Assignment:
Restate word for word the section of the entries that opens at the line containing "圖1 2022-2025年鐵皮窯鋁礬土價(jià)格走勢(shì)圖" and closes at the line containing "This home is", both lines kept, pictures dropped.

(Saved entries)
-------------------------
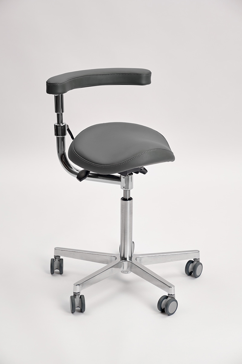 Стул оснащён абдоминальным упором, который позволяет поддерживать поясничную область врача и обеспечивает комфорт во время работы. Благодаря возможности настройки на 3600, абдоминальный упор также служит для поддержки локтей.
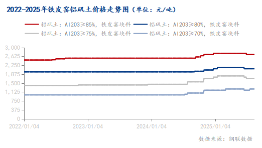 圖1 2022-2025年鐵皮窯鋁礬土價(jià)格走勢(shì)圖
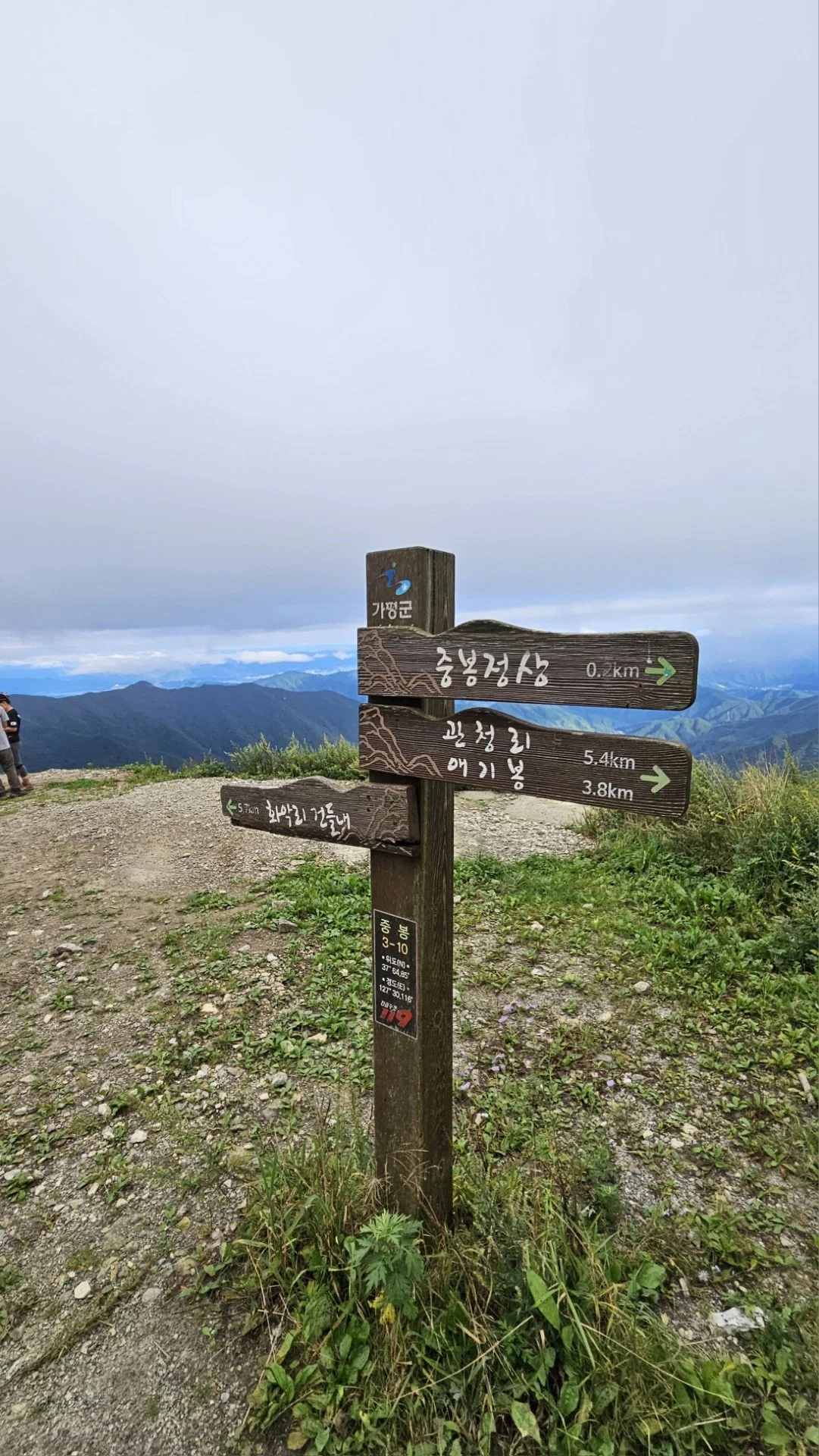 화악산은 군부대시설이 자리하여 출입이 금지된 해발 1468.3m 정상을 대신하여 그 옆 해발 1446.1m 중봉이 산객을 맞이한다. 차를 세운 곳에서 중봉까지는 고도 차이 약 80미터에 300여 미터 거리로 산행이라고 말하기조차 어설프다. 나처럼 그 턱밑에서 중봉에 올라 표지석과 함께 인증 사진을 남기는 산객이 적지 않다. 100대 명산 중 하나에 속하는 산에 대한 예의가 아닌 듯하고 산정은 안개로 조망이 없지만, 화악산 중봉에 정상에 올라선 감흥은 사뭇 남달랐다. 어쨌든 나로선 생애 처음으로 하루에 100대 명산 두 곳에 오른 나름 의미 있는 날이다.
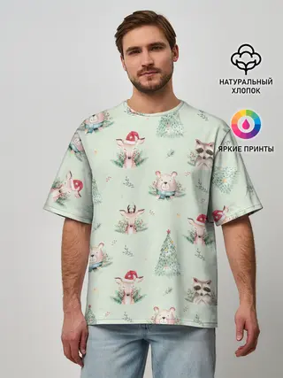 Мужская футболка оверсайз / Олени, медведи и еноты
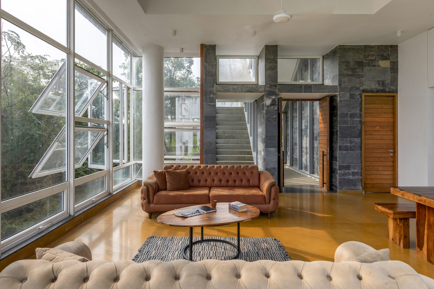 This home is not just a dwelling but a narrative of site-responsive design, material intelligence, and innovative spatial sequencing—perfectly tuned to Aamby Valley’s monsoon climate and topographical challenges.
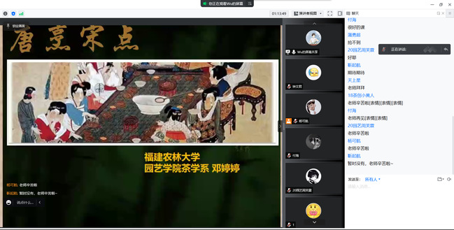 “茶,‘兴于唐,盛于宋,始为世重矣’。从唐中后期开始,茶在人们生活中所占的地位日益重要,至有‘茶为食物,无异米盐’的说法。在宋代,全社会各阶层普遍饮茶,‘君子小人靡不嗜也,富贵贫贱靡不用也’。茶成为人们日常生活中不可或缺的物品之一……”邓婷婷生动有趣的授课方式激发了同学们对于中华茶文化的浓厚兴趣,同学们踊跃参与讨论老师提出的话题。
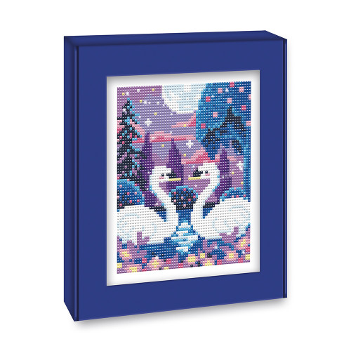 Qu'ils sont beaux ces deux cygnes au clair de lune ! Délicatesse et précision sont au rendez-vous avec ce kit créatif de peinture diamant, idéal pour les enfants dès 8 ans ! Avec cette technique, inutile d’utiliser aquarelle et eau : de petits strass scintillants permettent de composer un tableau aux détails très raffinés. Cette activité dure environ 3h et stimule la créativité et la motricité fine, tout en développant la patience. Un livret, présent dans le kit créatif, guide étape par étape la réalisation du modèle. Ce coffret permet ainsi de décorer 1 tableau à l’aide de mini-strass de couleurs variées. L’enfant commence par verser les mini-strass dans le plateau rainuré pour les aligner et faciliter leur manipulation. Il prépare ensuite le stylet en appuyant sa pointe dans le carré de gomme : cela dépose une petite quantité de matière qui rend la pointe légèrement collante. Trop pratique, le stylet est doté de plusieurs embouts de différentes tailles, lui permettant d'attraper plusieurs strass en même temps ! Votre enfant peut ainsi coller chaque diamant sur le tableau. Peu à peu, le couple de cygnes et le magnifique décor qui les entoure prennent vie, pour émerveiller toute la famille ! Ce tableau est accompagné d'un cadre à construire à partir de la boite pour magnifier la création. Même dans le noir, vous pourrez admirer les cygnes grâce aux strass phosphorescents : un joli spectacle pour les yeux avant l'heure du coucher ! Issu de la collection "Les Ateliers du Calme", ce kit contient : 1 tableau autocollant (20,7 x 24,4 cm), 3900 strass (14 couleurs dont 3 couleurs phosphorescentes), 1 stylet, 1 carré de cire, 1 plateau rainuré et 1 livret explicatif.
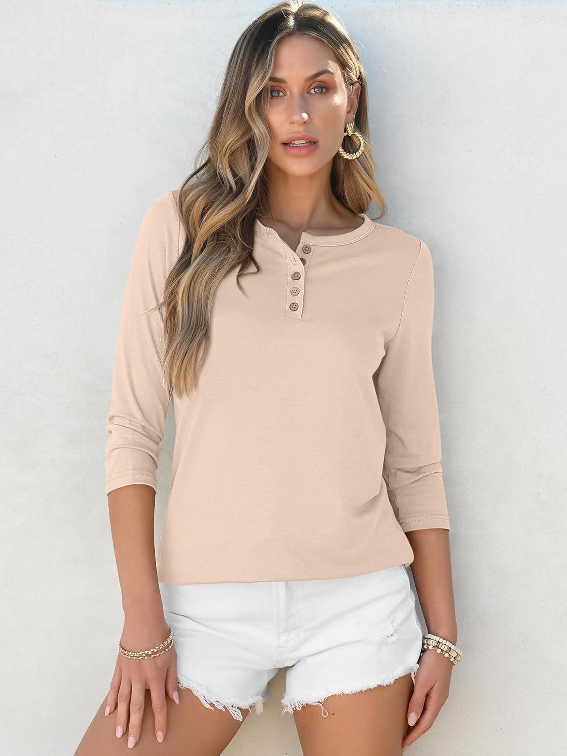 imageANRABESS Womens 34 Sleeve Tops Henley Shirts Casual Trendy Button T Shirts 2025 Summer Basic TunicApricot
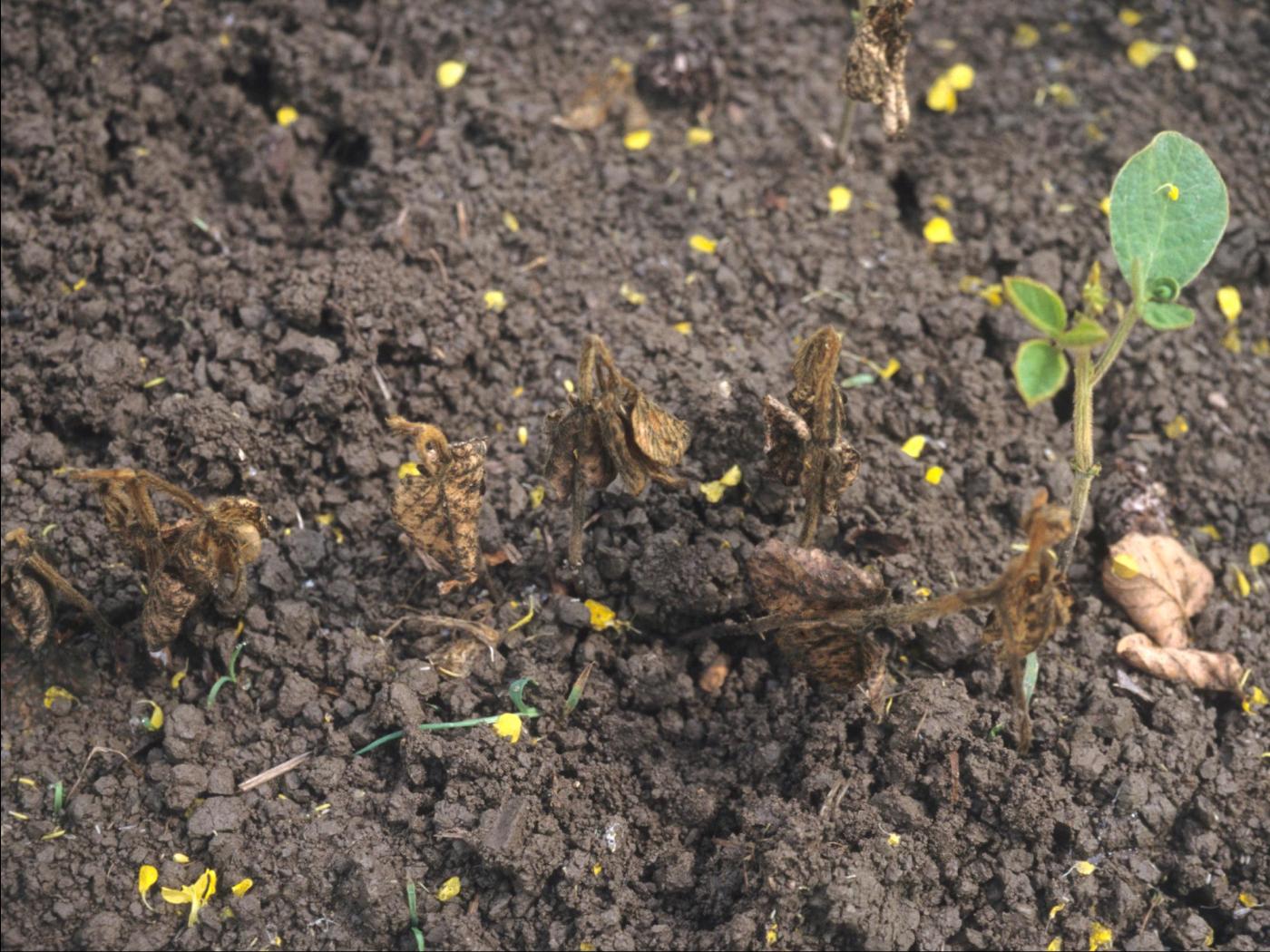 Semence et plantule : présence d’une pourriture molle brun pâle sur les semences, cotylédons, hypocotyle et racines. Les feuilles sont jaunes et flétries. La plantule peut mourir.
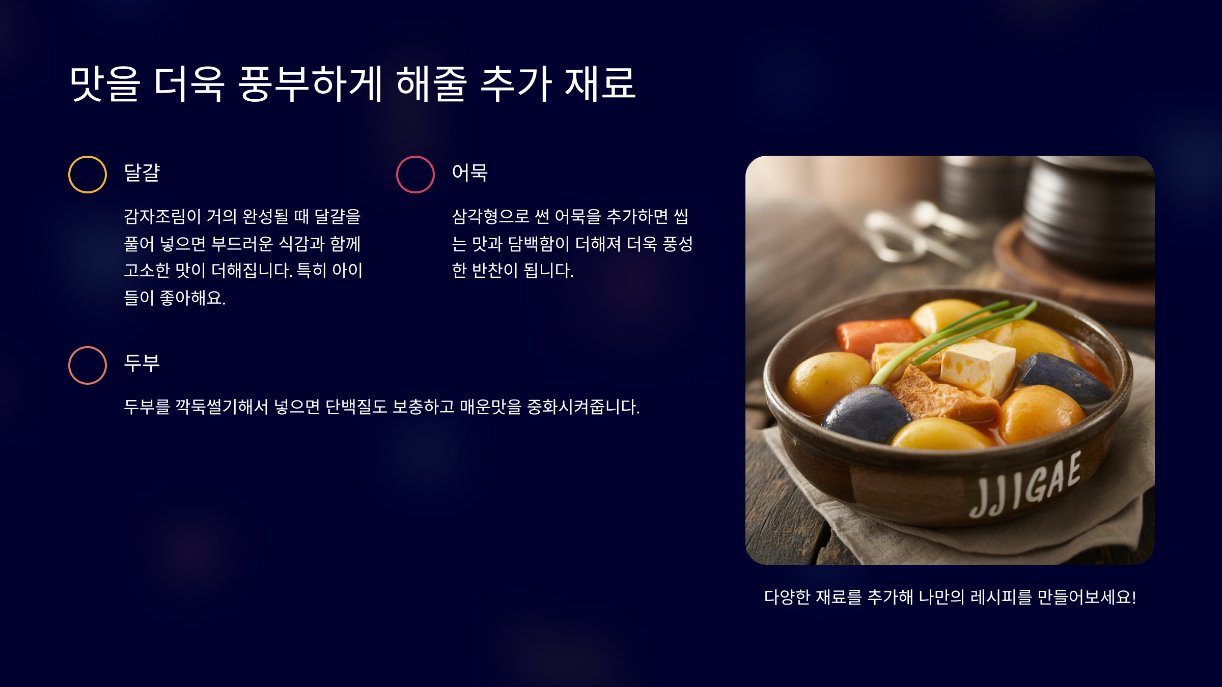 매콤 감자조림 맛을 더욱 풍부하게 해줄 추가 재료 🥕
-------------------------
Task result:
 圖1 2022-2025年鐵皮窯鋁礬土價(jià)格走勢(shì)圖
 화악산은 군부대시설이 자리하여 출입이 금지된 해발 1468.3m 정상을 대신하여 그 옆 해발 1446.1m 중봉이 산객을 맞이한다. 차를 세운 곳에서 중봉까지는 고도 차이 약 80미터에 300여 미터 거리로 산행이라고 말하기조차 어설프다. 나처럼 그 턱밑에서 중봉에 올라 표지석과 함께 인증 사진을 남기는 산객이 적지 않다. 100대 명산 중 하나에 속하는 산에 대한 예의가 아닌 듯하고 산정은 안개로 조망이 없지만, 화악산 중봉에 정상에 올라선 감흥은 사뭇 남달랐다. 어쨌든 나로선 생애 처음으로 하루에 100대 명산 두 곳에 오른 나름 의미 있는 날이다.
 Мужская футболка оверсайз / Олени, медведи и еноты
 This home is not just a dwelling but a narrative of site-responsive design, material intelligence, and innovative spatial sequencing—perfectly tuned to Aamby Valley’s monsoon climate and topographical challenges.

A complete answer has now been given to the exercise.